Molecular imaging researchers are examining FDG-PET as well as more targeted probes that potentially can diagnose the precursors of Alzheimer's disease early enough for effective therapy and recovery, said Dr. Dima A. Hammoud, an assistant professor of neuroradiology at Johns Hopkins.

FDG should not be counted out as a possible mechanism for early disease diagnosis. According to one published study, cognitively normal adults can exhibit the same patterns of reduced FDG uptake in the brain as Alzheimer's patients.

"This is very important because one can use this population of patients to follow up on disease progression and possibly evaluate treatment," Hammoud said.

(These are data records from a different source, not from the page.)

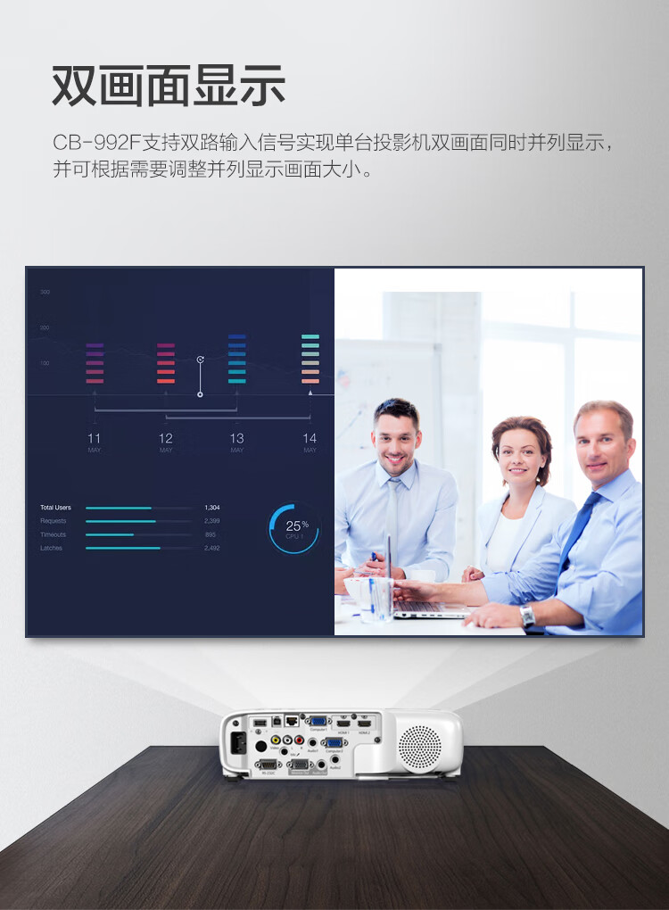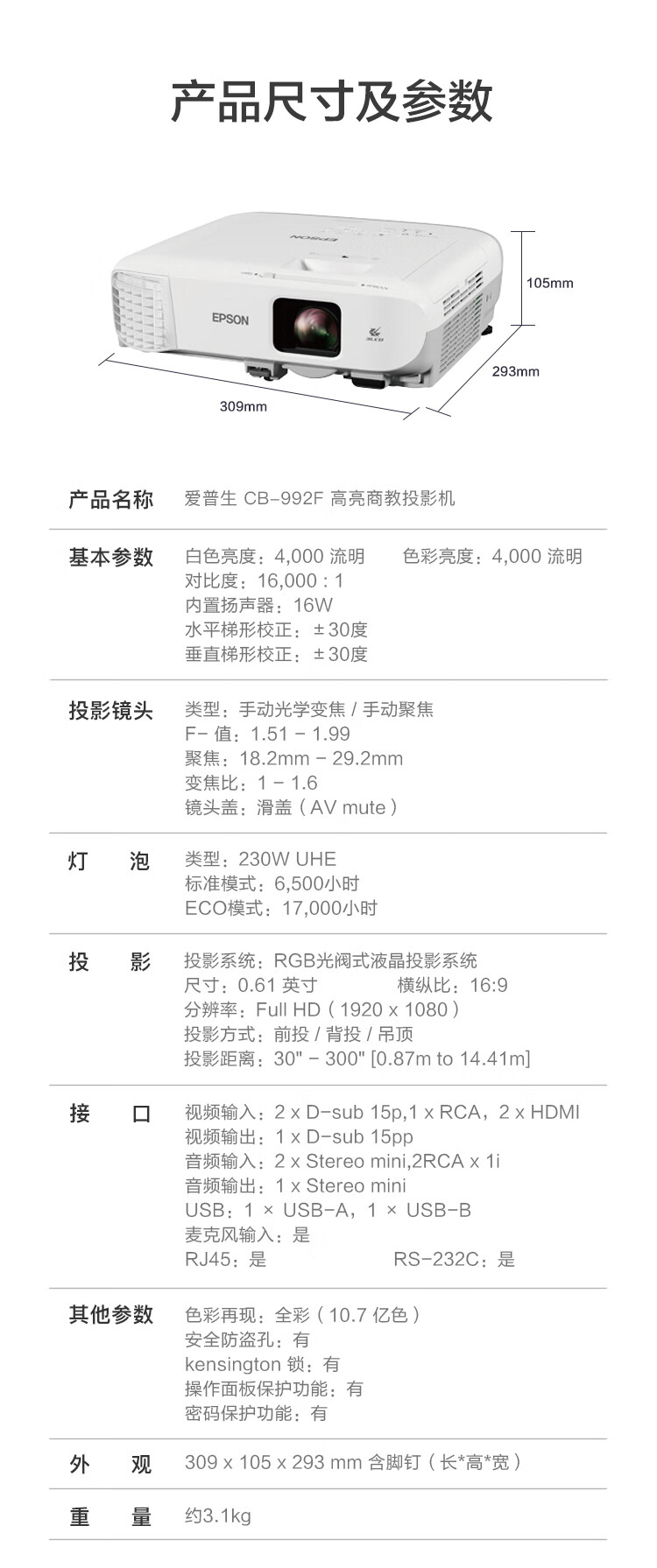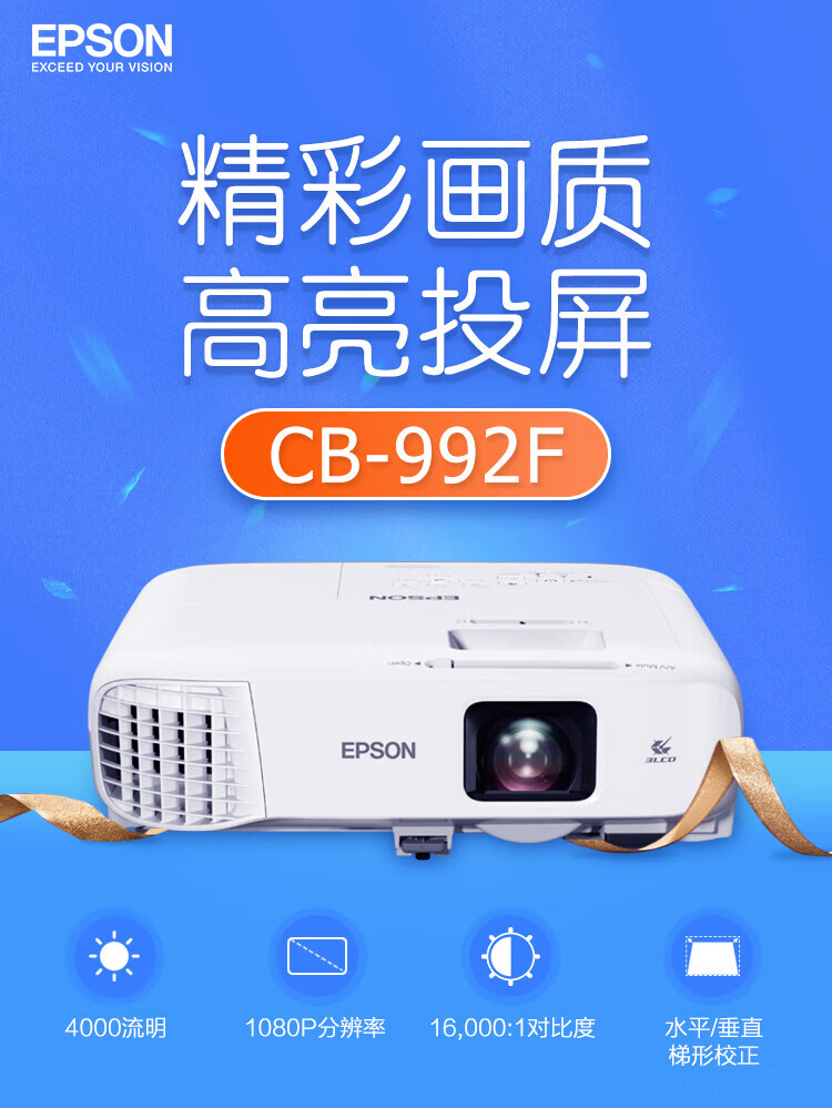 愛(ài)普生(EPSON) 會(huì)議專業(yè)投影儀 工程商務(wù)會(huì)議辦公商用教育培訓(xùn)超清超亮 無(wú)線同屏大型會(huì)議投影機(jī) CB-992F [4000流明 雙高清接口]
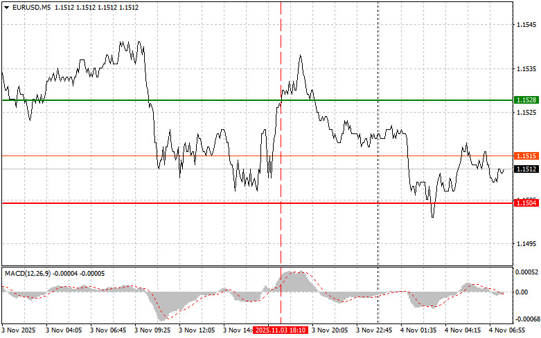 The test of the price at 1.1528 coincided with the moment when the MACD indicator had risen significantly above the zero mark, limiting the upside potential of the pair. For this reason, I did not buy euros.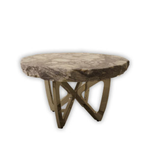 Blat wykonano z grubego marmuru w kształcie koła, połączonego z chromowanymi nogami.

Rather than assessing neuronal death and atrophy, C-11 Pittsburgh Compound B (PIB) measures the presence of b-amyloid plaques, and F-18 FDNNP and C-11 SB-13 identify amyloid and neurofibrillary tangles, the two leading suspects for the cause of Alzheimer's.

C-11 PIB's value in the search for effective Alzheimer's disease treatments was demonstrated this year in a collaborative study between Washington University and the University of Pittsburgh. It found an inverse relationship between positive PIB binding, indicative of brain amyloid plaque load, and amyloid-b 42 protein levels in cerebrospinal fluid, Hammoud said. However, three of the seven subjects with increased PIB uptake and low amyloid-b levels were cognitively normal. More research is needed to learn if elevated PIB precedes the onset of AD symptoms, enabling physicians to use it to predict the development of Alzheimer's disease.

Dr. Jorge Barrio, a professor of molecular and medical pharmacology at the University of California, Los Angeles, has established a correlation between FDDP uptake rates in the cerebellum and neocortex and the worsening of memory and other cognitive functions among Alzheimer's patients. Preliminary studies of C-11 SB-13 show that it exhibits the same binding characteristics as C-11 PIB.

Evidence suggesting that soluble amyloid-b protease may be the most neurotoxic manifestation of AD has led the skeptics of amyloid plaques' neurofibrillary tangles to question their value as surrogate markers, Hammoud said. The debate has led researchers to search for probes to target suspected proteases.

Microglial activation, associated with neuronal inflammation, may also cause AD. Preliminary research presented at the SMI meeting suggests that C-11 PK-00095, a ligand that selectively binds to peripheral vascular endothelial growth factor receptors that are known to be overexpressed in activated microglia, may play a diagnostic role.

From drug discovery to stem cell therapy to NIRF imaging, molecular imaging is setting the course for diagnostic imaging's future. Mature applications are already influencing diagnosis, treatment, and clinical outcomes. A powerful engine for scientific discovery of new MI methods is in motion, helping promising concepts make the transition from preclinical testing to clinical implementation.